Amap driving navigation memory optimization principle and actual combat

background

According to the answer of Apple official WWDC, reducing the memory allows users to experience a faster startup speed, avoiding Crash caused by excessive memory, and enabling the APP to survive longer.

For AmAP, according to online data analysis, too much memory will cause the system to kill OOM during navigation. Especially different from other apps, the general APP only needs to pay attention to the foreground memory is too high system strong kill FOOM, Gaudamap has many users using background navigation, so also need to pay attention to the background memory is too high system strong kill BOOM, and the background strong kill is more serious than the foreground strong kill. In order to improve user experience, memory governance is urgent.

The principle of analyzing

OOM

OOM is short for Out of Memory. In iOS APP, if the memory is over, the system will directly kill the APP, which is a kind of alternative Crash and cannot be captured. When discovering OOM, you can choose Device > Privacy > Analysis & Improvement > Analysis Data to find the log starting with JetsamEvent, which records a lot of information: mobile device information, system version, memory size, CPU time, etc.

Jetsam

Jetsam is a resource management mechanism for iOS. Unlike MacOS, Linux, and Windows, iOS does not have memory swapping space. Therefore, when the overall memory of the device is insufficient, the system kills some devices that have low priorities or occupy too much memory.

The iOS open-source XNU kernel source code can be analyzed as follows:

• Each process has a priority list in the kernel, and JetSam will try to kill the process with the lowest priority list when stressed by memory until the memory water level returns to normal.
• Jetsam gets the phys_footprint value from get_task_phys_footprint to decide whether to kill the application.

The Jetsam mechanism cleanup strategy can be summarized as follows:

• If the physical memory usage of an APP exceeds the upper limit, it will be cleared. Different devices have different memory thresholds.
• If the physical memory usage of the entire device is under pressure, clear background applications first and then foreground applications.
• Delete the applications with high memory usage first and then the applications with low memory usage.
• User applications are cleaned before system applications.

Low Memory Killer on Android:

• Depending on the priority of the APP and how much total memory is used, the system will force the APP to die if the device memory is tight.
• The determination of memory tightness depends on the size of the system RSS, which actually uses physical memory and contains all the memory occupied by the shared libraries.
• There are three key parameters:

1) oOM_adj: used in the Framework layer. It represents the priority of a process. The higher the value, the lower the priority and the easier it is to be killed.

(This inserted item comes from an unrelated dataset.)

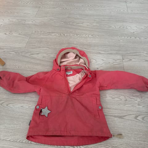 Pent brukt kåpe fra Mini a ture,strl.122.Brukt 2 sesonger.Brukt til og fra.Vasket en gang før ikke nå etter siste bruk.Kan sende.

2) oOM_adj threshold: used in the Framework layer, representing the memory threshold of OOM_adj. The Android Kernel periodically checks whether the current remaining memory is lower than the threshold. If the remaining memory is lower than the threshold, the process with the largest value in oOM_ADJ is killed until the remaining memory is higher than the threshold.

3) oOM_score_adj: used in the Kernel layer, converted from oom_adj, is the actual parameter used to kill processes.

The data analysis

Phys_footprint Indicates the total physical Memory of the iOS application. For details, see iOS Memory Deep Dive.

std::optional<size_t> memoryFootprint() { task\_vm\_info\_data\_t vmInfo; mach\_msg\_type\_number\_t count = TASK\_VM\_INFO_COUNT; kern\_return\_t result = task\_info(mach\_task\_self(), TASK\_VM\_INFO, (task\_info_t) &vmInfo, &count); if (result ! = KERN_SUCCESS) return std::nullopt; return static\_cast<size\_t>(vmInfo.phys_footprint); }Copy the code

The Instrument-VM Tracker can be used to analyze specific memory categories, such as the Malloc portion of heap memory, the Webkit Malloc portion of JavaScriptCore memory, and so on. Note that the memory value for each category = Dirty Size + Swapped.

The memory distribution in the Instruments VM Tracker capture navigation was compared and analyzed. When the navigation foreground is static, amap’s total memory is very high, with IOKit, WebKit Malloc, and Malloc heap being the largest memory footprint.

There are many tools that can be used in the analysis process, each of which has its own advantages and disadvantages. They need to be used together to complement each other. We used Intruments VM Tracker, Allocations, Capture GPU Frame, MemGraph, Dumpsys meminfo, Graphics API Debugger, Arm primarily in our analysis Mobile Studio, AJX memory analysis tool, self-developed Malloc analysis tool, etc.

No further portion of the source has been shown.